プレセイラさんはその辺りは曲げない人だから、この町の教会を訪ねても同じことが繰り返されるのだろう。
「オーヴェンの王も神が統治を委ねられた方だからなどと言って容認するとは。あれでモントリフィト様にお仕えする者だと胸を張って言えると思っているのでしょうか?」
彼女は今もそう言って、教会の神官たちの態度を嘆いていたが、現状では特に問題は起こっていないようだ。
迫害でもされれば別だろうが、そうでなければ、それも「神様の思し召し」として容認するのが普通なんじゃないかと思う。

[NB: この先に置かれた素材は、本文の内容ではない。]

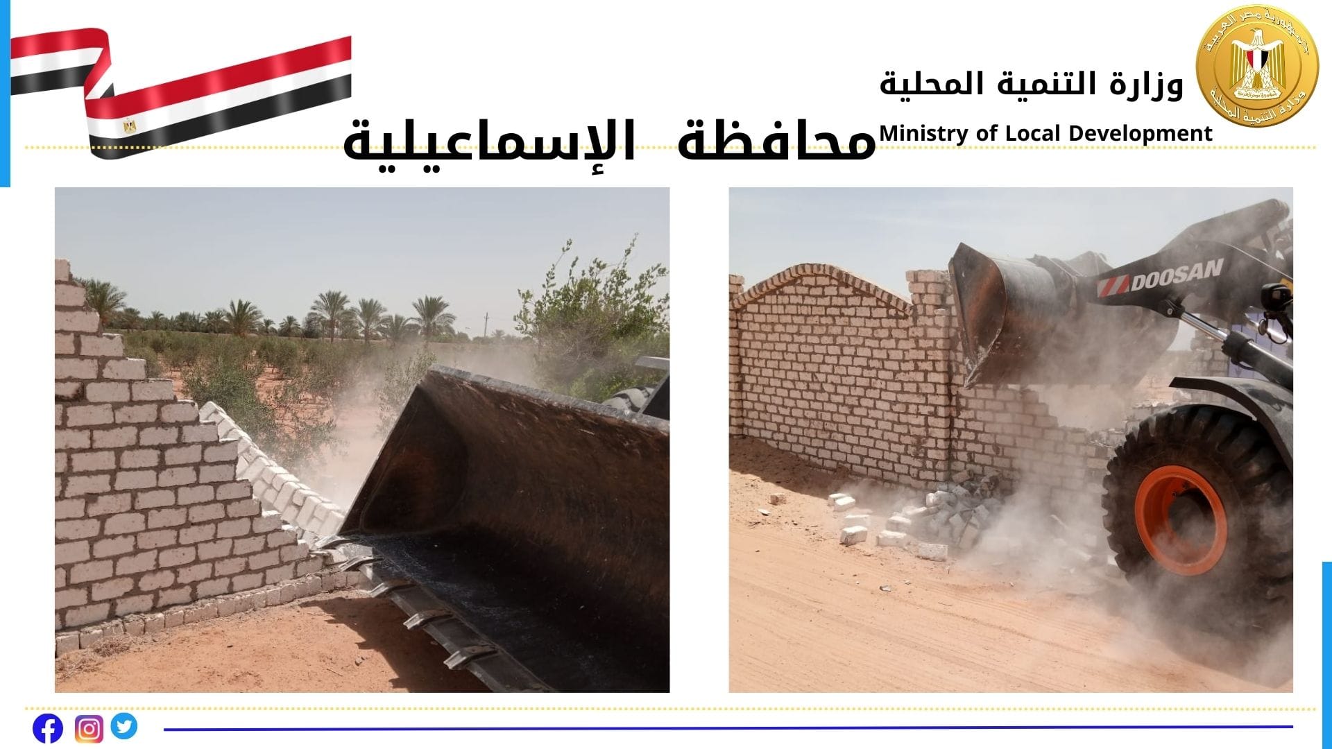وفى الإسماعيلية ..أكد اللواء شريف فهمي بشارة محافظ الإسماعيلية على استمرار نزول حملات إزالة التعديات على الأراضى الزراعية وأملاك الدولة حيث أسفرت الحملة عن إزالة ١١ حالة تعدٍّ على أراضي أملاك الدولة بولاية المحافظة على مساحة ١٠٨٤ متر مربع، عبارة عن أسوار ومباني غير مكتملة البناء وغير مأهولة بالسكان كما تم إزالة ٥٧ حالات تعدٍّ على أراضي ولاية الزراعة، على مساحة ٤ أفدنة و١٨ قيراط، عبارة عن أسوار ومباني غير مكتملة البناء وغير مأهولة بالسكان.
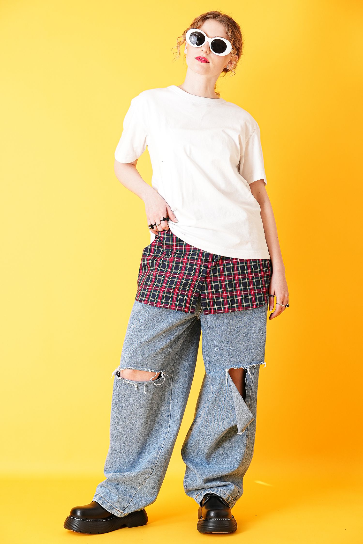 『シャツ/ブラウスをインナーに重ねてほんの少しモードな香りを表現』できるシャツ型デザインが印象的。上品なモード感の黒白ブロード、鮮烈な赤やネイビーがスパイシーなタータンチェック柄、トレンドライクなメッシュ、フェミニンかつアバンギャルドなチュール、クレイジーパンキッシュな青×黄チェック、どこかレトロでスウィートなドット柄、トレンドのクラシックなストライプ柄・・・ほんの少しの足し算でコーデが劇的に【自分色】に。
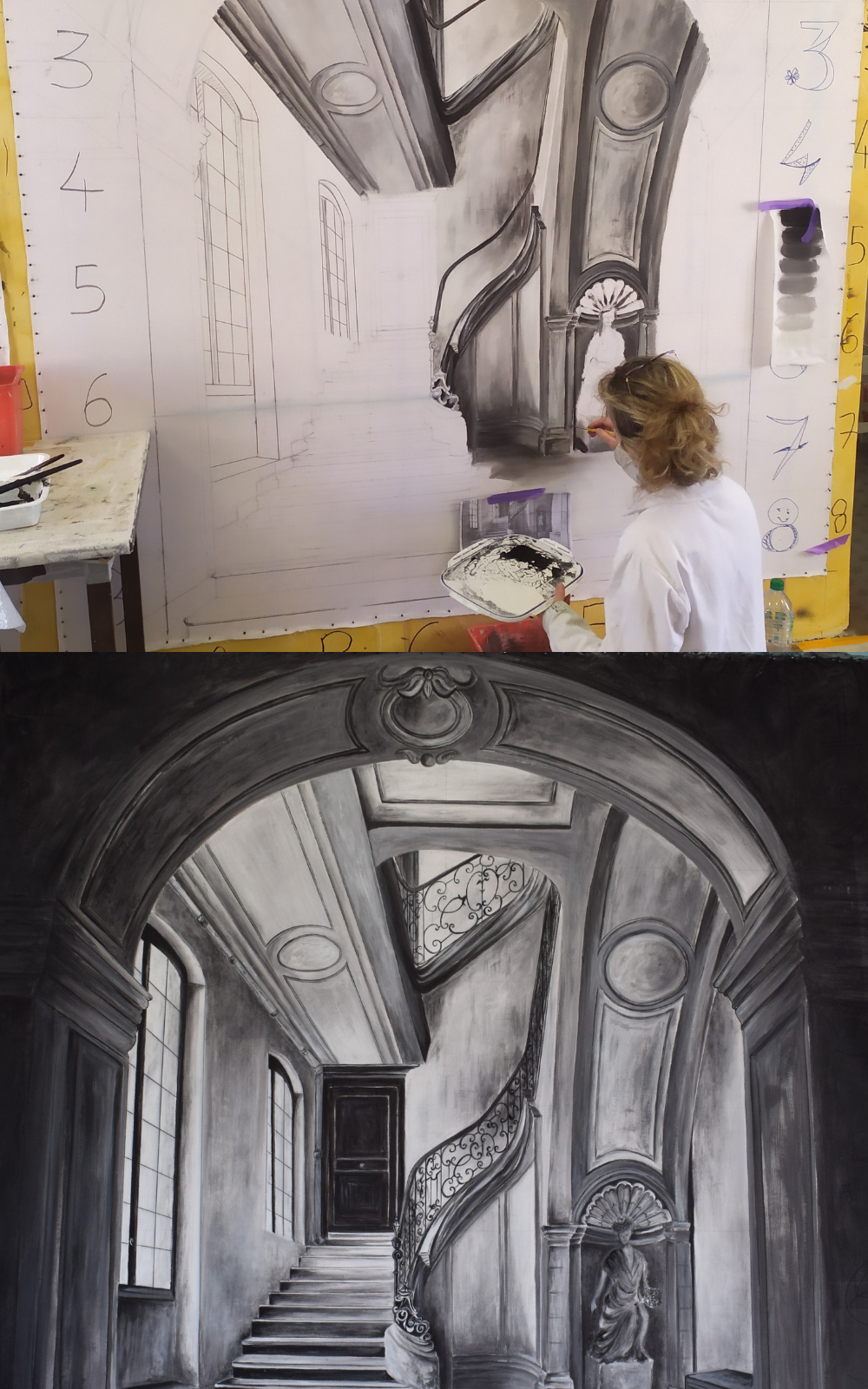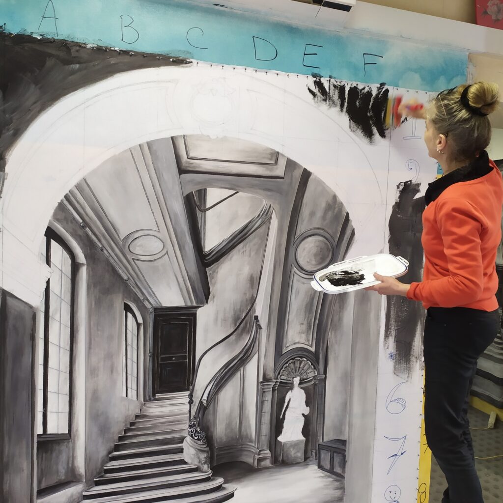 1- Réalisation d'une fresque trompe-l'oeil décor de théâtre, peinture à la gigouille.
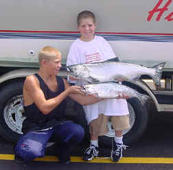 who did not participate! Best Sportsmanship Awards "Best Deal" earns the hard luck and best Sportsmanship Award for making sure his 12 pound Brown Trout made it to the weigh-in, even though he had motor problems and couldn't fish the complete the full 7 tourney hours. "Never Enough" had a no show for a team mate, something I wasn't aware of, until it was too late to rectify the problem. Me being the floating boat might have teamed with them at the last minute and have added 21 pounds to my catch. I'll let you do the math, so there'll be a Best Sportsmanship Award going to this team also. Thanks to the entire crew of the "Never Enough" for not raising a big stink over this issue. I need this team to E-mail me, so I'll have an address to mail their award plaque too. Would I do It Again? The way I see it, it's up to you. Even though I was over-run with at least 10 people staying at my place, I was happy to share what little I do have with them. Some of the responsibly for purchasing the food for cookout needs to be shared to take some of the "heat" of me. Other than that, I fished many tournaments and seen ours was efficiently run, especially for a first time outing. The chance to met many of you and swap stories was more than fun. Now to answer to the question, of would I do it again? "Of course, with your help!" Contact me at: kingscharter@yahoo.com for feedback. or post a message at: Capt. John's Message Board 2003 Planned Changes Next year a member from all registered
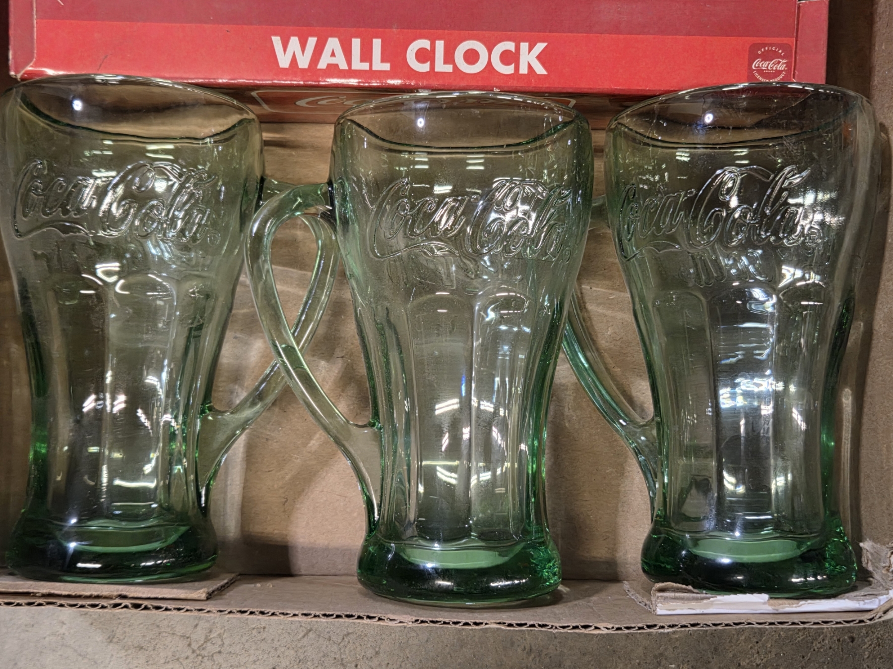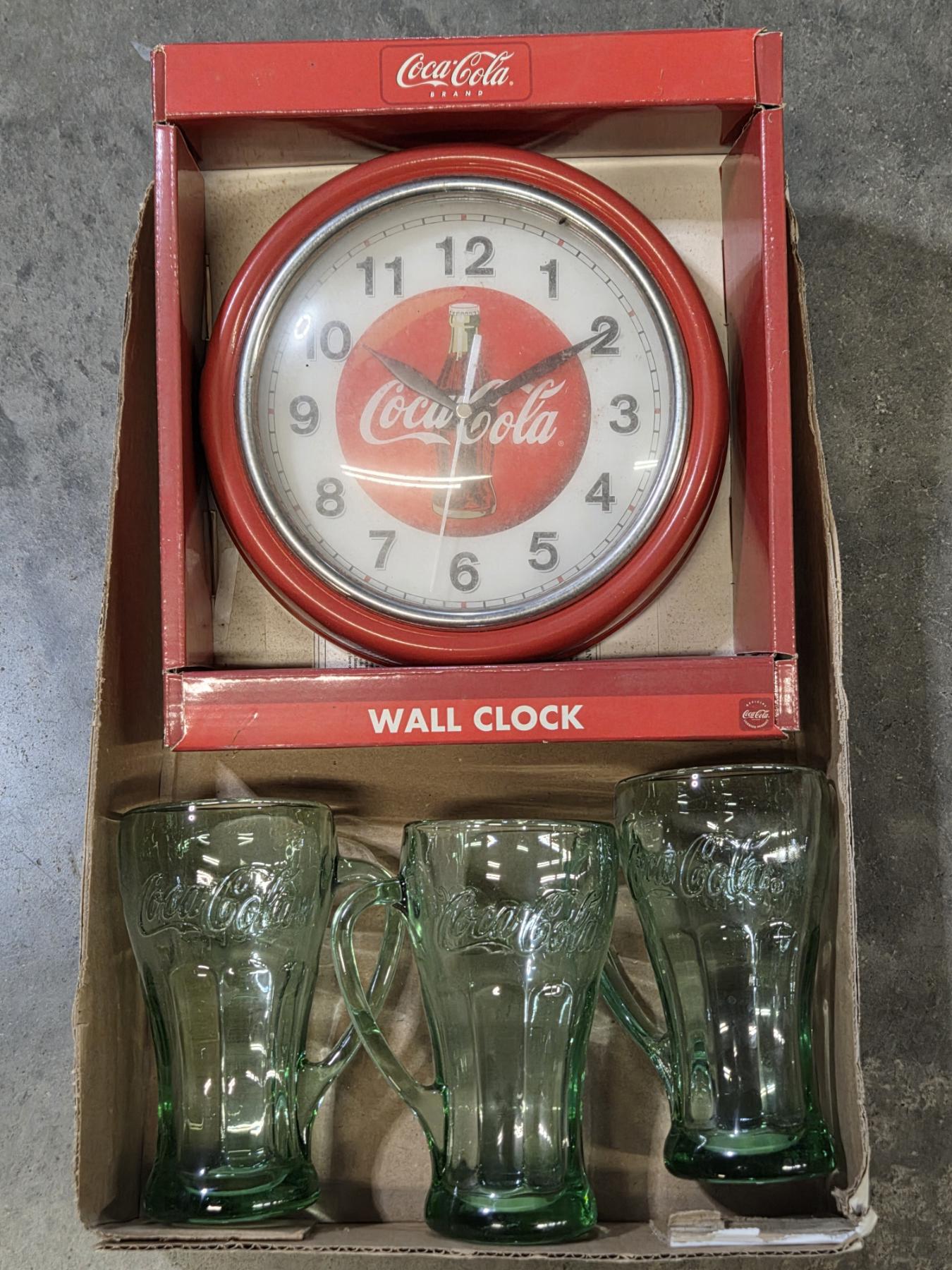 New! Coca Cola Wall Clock And Three Glass Coca Cola Mugs With Handles

「ルビールの王様がいなくなったのに、国が寂れたりしないんでしょうか?」
俺にはそちらの方が疑問だった。
あのフィロラの町では一人の鍛冶師が魔人になっただけで、町に大きな影響が出たのだ。
国王が、幽閉されたのか連れ去られたのか分からないが、いなくなったのなら、国全体がフィロラの町みたいに衰退してもおかしくないと思うのだ。
「そうですね。ここまで見たところそんなことにはなっていないようです。どの町でも平穏な暮らしが維持されているようでしたから」
リールさんが答えてくれたように、これまで通過してきた町では、特に混乱などは起きていないようだった。
これから色々と不都合が起こってくるのかもしれないが、そうなったら事態も動くかもしれない。
俺はそう思ったのだが。
「問題は起きないでしょうね。そう考えたからこそ、ルビール王国を併合するという挙に出たのでしょうから」
クリィマさんがそう言って、やはり彼女には何か心当たりがあるようだった。